SQL Server – Using Indexed Views for Aggregates: Too Good to Be True?

indexmaterialized-viewperformancequery-performancesql server

We have a data warehouse with a fairly large record count (10-20 million rows) and often run queries that count records between certain dates, or count records with certain flags, e.g.

SELECT
    f.IsFoo,
    COUNT(*) AS WidgetCount
FROM Widgets AS w
JOIN Flags AS f
    ON f.FlagId = w.FlagId
WHERE w.Date >= @startDate
GROUP BY f.IsFoo

The performance isn't awful, but can be relatively sluggish (perhaps 10 seconds on a cold cache).

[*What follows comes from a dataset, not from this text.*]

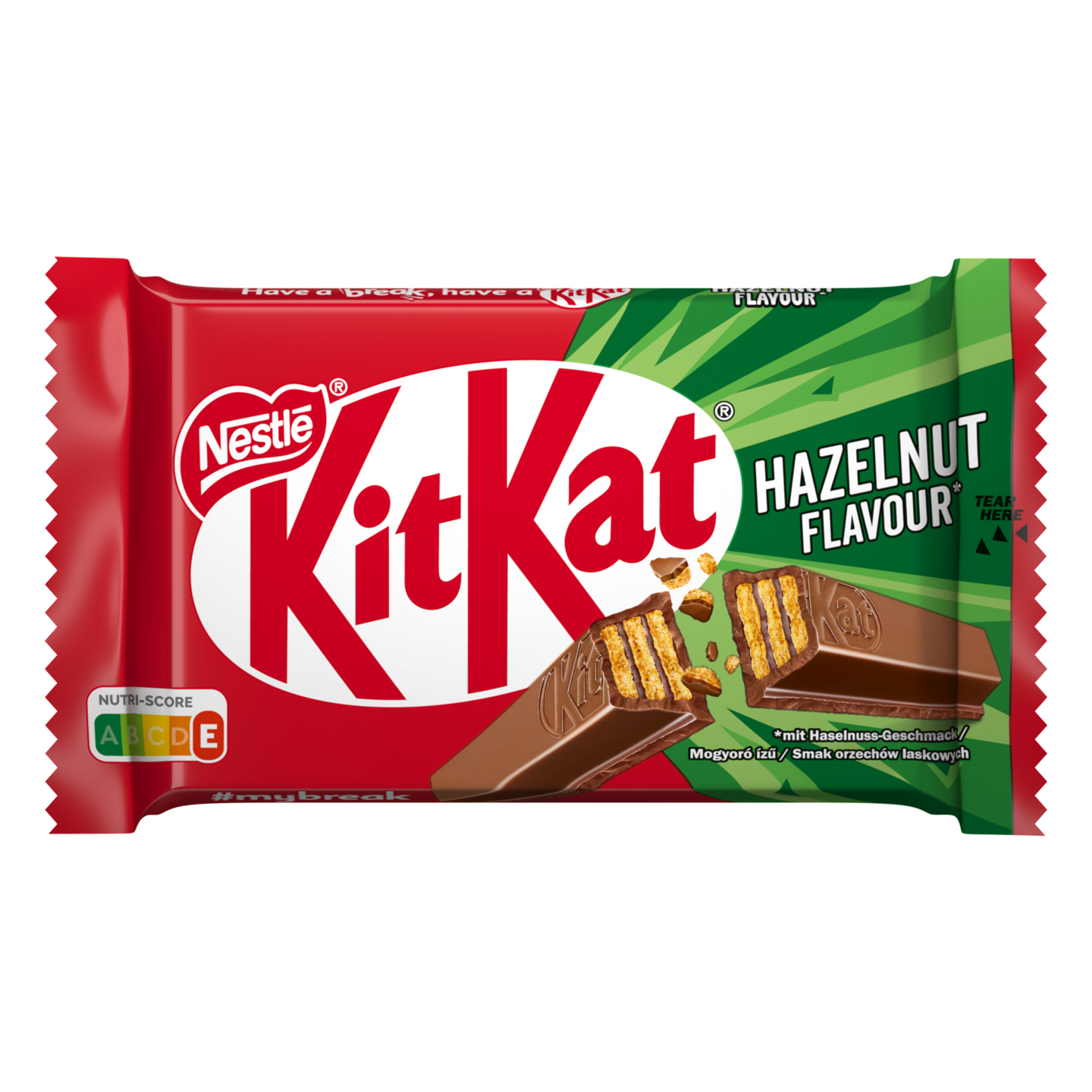 Neljä rapeaa vohvelikeksiä hasselpähkinän makuisella maitosuklaakuorrutteella (66%). Sisältää kaakaovoin lisäksi muita kasvirasvoja.

Recently I discovered that I can use GROUP BY in indexed views and so tried out something similar to the following

CREATE VIEW TestView
WITH SCHEMABINDING
AS
    SELECT
        Date,
        FlagId,
        COUNT_BIG(*) AS WidgetCount
    FROM Widgets
    GROUP BY Date, FlagId;
GO

CREATE UNIQUE CLUSTERED INDEX PK_TestView ON TestView
(
    Date,
    FlagId
);

As a result the performance of my first query is now < 100ms, and the resulting view & index is < 100k (although our row count is large, the range of dates and flag IDs means that this view only contains 1000-2000 rows).

I thought that perhaps this would criple the performance of writes to the Widget table, but no – the performance of inserts and updates into this table is pretty much unaffected as far as I could tell (plus, being a data warehouse this table is updated infrequently anyway)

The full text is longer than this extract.